Chapter 7: Practical Guide - Safe Operation
Step 1: Use desktop only
- Laptop without touch screen (Dell Latitude, HP EliteBook),
- Or bare metal RDP without a sensor.
Step 2: Disable the sensor (if applicable)
- Run the commands above,
- Reboot the system.
Step 3: Test it out
- Make sure there are no touchstart events,
- Even if touched accidentally.
Result:
Complete lack of sensory data → low fraud score.

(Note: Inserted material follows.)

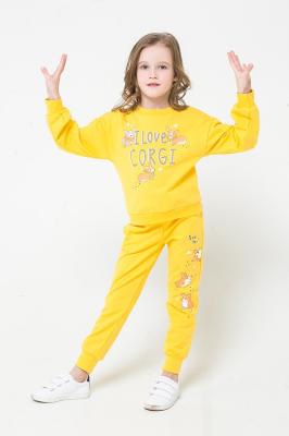 Костюм для девочки. Джемпер из хлопкового однотонного трикотажа футер. Длинные объемные рукава со спущенным плечом. Пояс и манжеты из хлопка с эластаном. Брюки из хлопкового однотонного трикотажа футер. Пояс и манжеты из хлопка с эластаном. Внутри пояса резинка, утяжка на репсовой ленте. Боковые карманы. Спереди принт.Дополнительно

Conclusion: Touch is a new imprint
Touch Event Radius and Force aren't just "sensor data". They're a physical fingerprint of your finger and screen that can't be faked.Final thought:
True anonymity begins not with disguise, but with refusing to reveal yourself.
Because in the world of biometrics, even a touch can give you away.
Stay on your desktop. Stay out of touch.
And remember: in the world of security, your finger is your password.